Explanation: Cloudformation would always try to update the current task definition which would lead to an immediate update of the ecs service. This is not possible (currently) when using DeploymentControllerType.CODE_DEPLOY. By adding a new task definition logical resource in the stack but giving it the same task family, Cloudformation will create a new task definition revision. The revision that is active in the ecs service must not be changed anymore. Unfortunately Cloudformation will remove old revisions. There the updateReplacePolicy needs to be set to retain.

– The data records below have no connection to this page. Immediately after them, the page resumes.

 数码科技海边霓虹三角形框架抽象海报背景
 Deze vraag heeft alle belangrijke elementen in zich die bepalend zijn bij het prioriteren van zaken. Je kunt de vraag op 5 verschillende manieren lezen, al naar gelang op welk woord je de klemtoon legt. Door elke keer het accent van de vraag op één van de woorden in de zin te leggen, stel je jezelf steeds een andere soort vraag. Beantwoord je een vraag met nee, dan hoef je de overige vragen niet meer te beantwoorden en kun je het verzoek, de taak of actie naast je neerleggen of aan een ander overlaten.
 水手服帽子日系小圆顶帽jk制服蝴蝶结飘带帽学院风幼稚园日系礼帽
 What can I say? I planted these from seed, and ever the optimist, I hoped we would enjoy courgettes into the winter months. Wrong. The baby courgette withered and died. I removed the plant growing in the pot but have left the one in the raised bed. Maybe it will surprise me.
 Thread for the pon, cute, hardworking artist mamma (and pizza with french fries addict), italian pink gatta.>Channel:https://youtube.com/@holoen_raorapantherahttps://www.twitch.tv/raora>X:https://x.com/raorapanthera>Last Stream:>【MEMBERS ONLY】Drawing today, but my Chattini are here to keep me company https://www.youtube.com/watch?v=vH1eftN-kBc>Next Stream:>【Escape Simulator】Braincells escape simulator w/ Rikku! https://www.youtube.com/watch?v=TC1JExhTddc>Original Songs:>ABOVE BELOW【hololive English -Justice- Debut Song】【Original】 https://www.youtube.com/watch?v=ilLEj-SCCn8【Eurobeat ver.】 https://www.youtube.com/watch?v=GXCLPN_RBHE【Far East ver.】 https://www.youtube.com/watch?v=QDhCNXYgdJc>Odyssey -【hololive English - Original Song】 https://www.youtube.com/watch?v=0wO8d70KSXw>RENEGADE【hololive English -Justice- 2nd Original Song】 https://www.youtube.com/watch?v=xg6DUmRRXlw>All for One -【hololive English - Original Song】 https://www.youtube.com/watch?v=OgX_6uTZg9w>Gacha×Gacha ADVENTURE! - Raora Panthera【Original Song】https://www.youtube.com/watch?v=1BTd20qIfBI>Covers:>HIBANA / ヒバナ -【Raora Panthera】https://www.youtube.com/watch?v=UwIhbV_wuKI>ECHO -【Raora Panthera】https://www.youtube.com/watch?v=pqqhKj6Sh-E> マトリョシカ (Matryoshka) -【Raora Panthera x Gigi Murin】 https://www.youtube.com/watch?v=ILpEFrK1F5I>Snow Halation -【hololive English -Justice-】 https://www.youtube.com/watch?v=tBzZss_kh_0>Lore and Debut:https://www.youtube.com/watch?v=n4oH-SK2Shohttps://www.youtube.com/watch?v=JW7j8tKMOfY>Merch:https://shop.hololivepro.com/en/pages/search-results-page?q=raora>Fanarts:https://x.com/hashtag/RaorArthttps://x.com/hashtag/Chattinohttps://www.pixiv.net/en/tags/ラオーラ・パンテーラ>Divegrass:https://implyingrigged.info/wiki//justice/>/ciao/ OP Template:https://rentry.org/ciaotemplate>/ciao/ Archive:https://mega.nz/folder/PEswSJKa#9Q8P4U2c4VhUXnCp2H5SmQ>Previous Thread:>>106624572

For automating it the newly created task definition revision can be retrieved from the updated stack which can then be used in a cli call like:

aws ecs deploy ...

[konstantinj]

Let's wait for #1559 and everything will be fine.

[MrArnoldPalmer]

Hey there, I'm consolidating the issues around ecs blue/green deployment support into #1559. If you think this is a separate issue feel free to reopen.